EMG: When founding Sourcewater, what was most helpful and did you have access to necessary resources, support, and guidance?

JA: I’ve started a few companies over the last 25 years. Some, not all of them, have been successful. Unlike many first-time entrepreneurs, I’m fortunate to have the resources on-hand to accelerate and execute quickly and spend more time on product and customer development, less on fundraising.

However, leaving that aside, MIT does a great job of helping not just students, but really everybody in the ecosystem, to train and support successful entrepreneurs. There are all kinds of programs and networks and information and guest speakers that come to MIT to help people succeed, especially for energy and water startups.

It’s very much about putting research and ideas into practice in the real world. MIT believes that the most effective way to do that is to start new companies that develop and commercialize new technology. They’ve been great at that for generations and have become even better in the past decade.

EMG: What advice do you have for those who are new to entrepreneurship?
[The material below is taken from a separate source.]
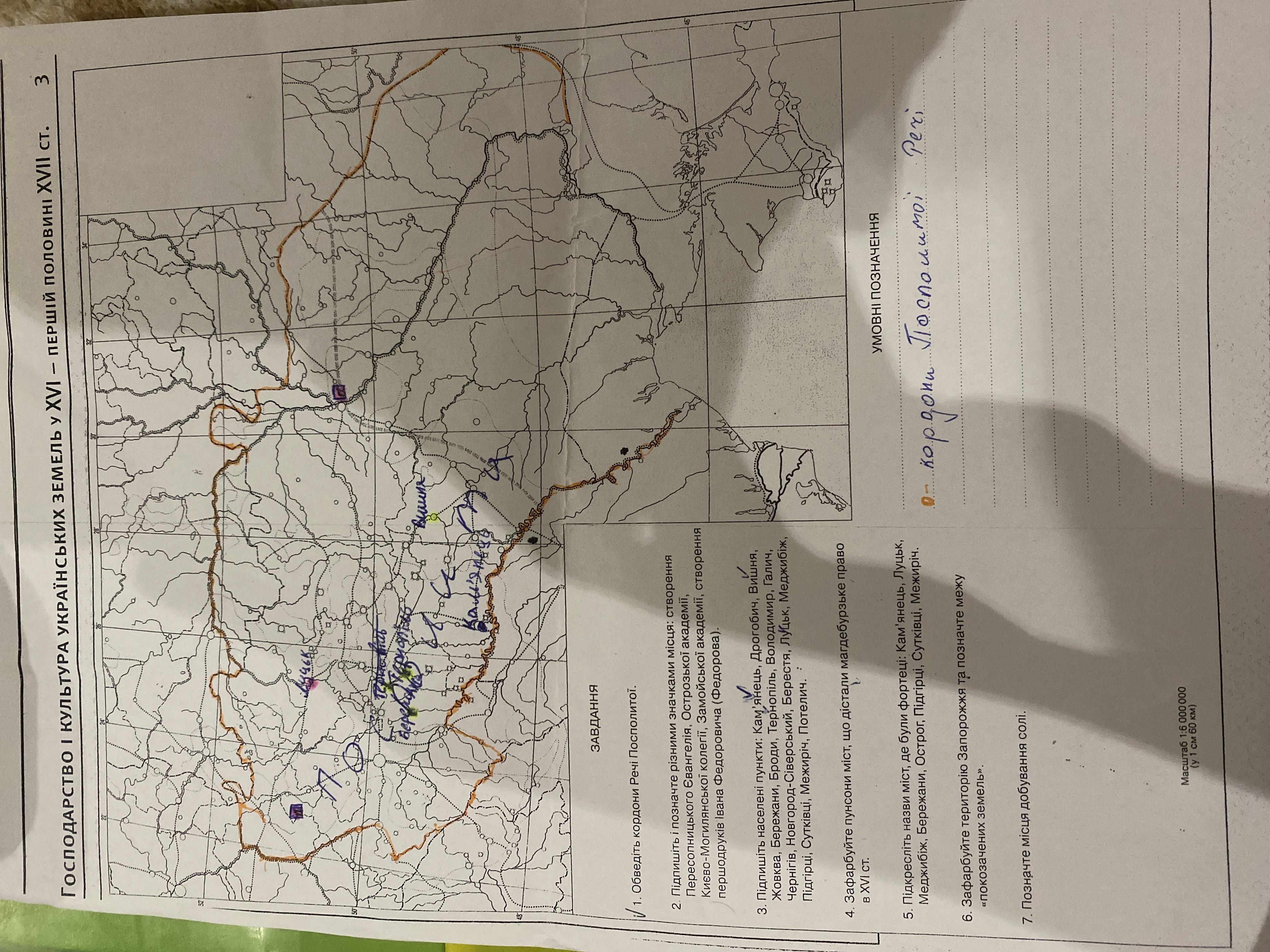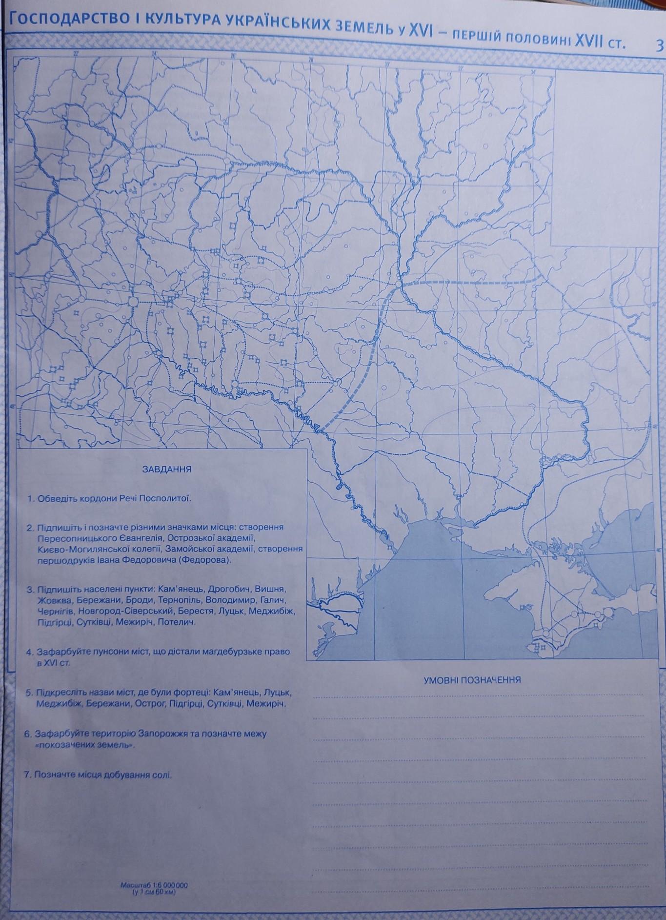 ЗАВДАННЯ 1. Обведіть кордони Речі Посполитої. 2. Підпишіть і позначте різними значками місця: створення Пересопницького Євангелія, Острозької академії, Киево-Могилянської колегії, Замойської академії, створення першодруків Івана Федоровича (Федорова). 3. Підпишіть населені пункти: Кам'янець, Дрогобич, Вишня, Жовква, Бережани, Броди, Тернопіль, Володимир, Галич, Чернiгiв, Новгород-Сіверський, Берестя, Луцьк, Меджибіж, Підгірці, Сутківці, Межиріч, Потелич. 4. Зафарбуйте пунсони міст, що дістали магдебурзьке право в XVI ст. 5. Підкресліть назви міст, де були фортеці: Кам'янець, Луцьк, Меджибіж, Бережани, Острог, Підгірці, Сутківці, Межиріч. 6. Зафарбуйте територію Запорожжя та позначте межу «покозачених земель. 7. Позначте мiсця добування солі.

JA: I think the most important attribute is persistence. It’s force of will. You have to cause things to happen that have never happened before, and the first answer is always no. Any time you try to cause something new to happen, there’s always resistance against it, inherently – otherwise it would have already happened. It can be hard to decipher whether the resistance is from inertia, fear, lack of priority or attention or timing — factors you can’t control — or whether it is because you don’t yet have the right product, message, channels, pricing, business model, budget or people, factors you can control. Keep trying, but also to keep experimenting and learning. It always takes more time than you expect.